La genética enseña todo fenómeno fisiológico de los seres vivos, desde el origen de la vida hasta la radiación evolutiva en partes específicas de la historia, pasando por patologías, condiciones genéticas, aspectos faciales y varias cosas mucho más. Todas nuestras células muestra ADN dentro suyo y, sin él, el metabolismo celular y nuestra vida serían inviábles.

Si bien logre parecer algo bien difícil de comprender, la transformación de las normas del genoma en proteínas codifica nuestros aspectos externos. El ADN, empaquetado con apariencia de cromosomas en la célula, tiene dentro una sucesión de nucleótidos de enorme interés, en concreto en los genes. Estas secuencias de ADN se “copian” (transcriben) a ARN mensajero y este viaja al citoplasma.

El ARN mensajero es “leído” (traducen) por los ribosomas, que ensamblan aminoácidos según el orden predeterminado por los genes, para ofrecer sitio a las proteínas primordiales. De esta forma, el genoma se convierte en tejidos vivos.

Con este tipo express de síntesis proteica, nos encontramos listos para enseñarte las diferencias entre el genotipo y el fenotipo, lo que divide al código genético de las especificaciones particulares.

Las bases de la genética

Todas y cada una de las células humanas vienen derivadas de la división de un cigoto, célula final de la unión de un gameto femenino (óvulo) y otro masculino (espermatozoide). Cada gameto es haploide, lo que significa que tiene media información genética de lo esperable (n=23) para, al juntarse con su pareja, ofrecer rincón a un organismo diploide servible (2n=46).
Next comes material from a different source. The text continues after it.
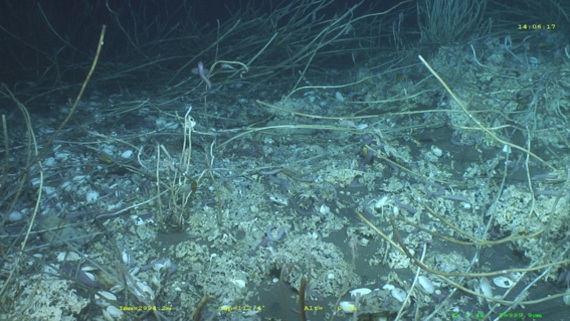La plongée a permis une courte exploration de ce nouveau site. De grands champs de siboglinidés, des cimetières de coquilles de vésicomyidés et de vastes assemblages de modioles ont été observés. Un rideau de bulles, associé à un mont carbonaté, a même été mis en évidence à l’endroit où le panache avait été détecté.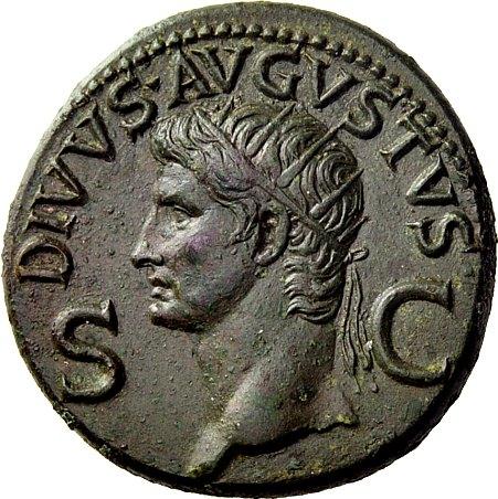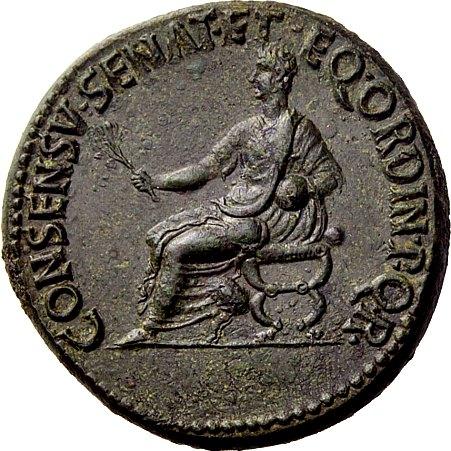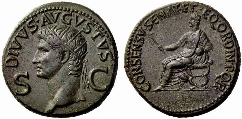 The Roman Empire. Octavian as Augustus, 27 BC–14 AD. Divus Augustus. Dupondius ca. 37-41, Æ 15.40g. DIVVS·AVGVTSVS S–C Radiate head l. Rev. CONSENSV·SENAT·ET·EQ·ORDIN·P·Q·R· Augustus seated l. on curule chair, holding branch in r. hand and globe (?) in l. C 87. BMC Gaius 88. RIC Gaius 56. CBN Gaius 134. Green patina and extremely fine

Nuestra clase es diploide y tiene 46 cromosomas totales en el núcleo de cada célula somática, 23 de la madre y 23 del padre. La diploidía es una clara adaptación evolutiva, ya que al enseñar el “doble” de información genética, asimismo contamos 2 copias de cada gen. A cada una de las maneras que puede comprar un gen es conocido como “alelo”, distinguido del resto por su secuencia. Así, heredamos 2 alelos para cada gen, uno del padre y otro de la madre.

¿Cuáles son las diferencias entre genotipo y fenotipo?

Esta introducción era precisa, ya que desde aquí vamos a desplazarnos en terrenos de alelos, genes, letras y números y términos considerablemente más complejos. Ahora, te exponemos las diferencias entre genotipo y fenotipo.

1. El genotipo no se observa de manera externa, pero el fenotipo sí

El genotipo es el grupo de información genética que tiene un organismo particularmente con apariencia de ADN. Esto incluye genes, zonas extragénicas y secuencias similares con genes que no codifican proteínas como tal. Dicho de otra manera, el genotipo es el grupo de nucleótidos organizados con apariencia de la doble hélice de ADN que nos diferencia del resto de especies y de otros individuos de exactamente la misma clase.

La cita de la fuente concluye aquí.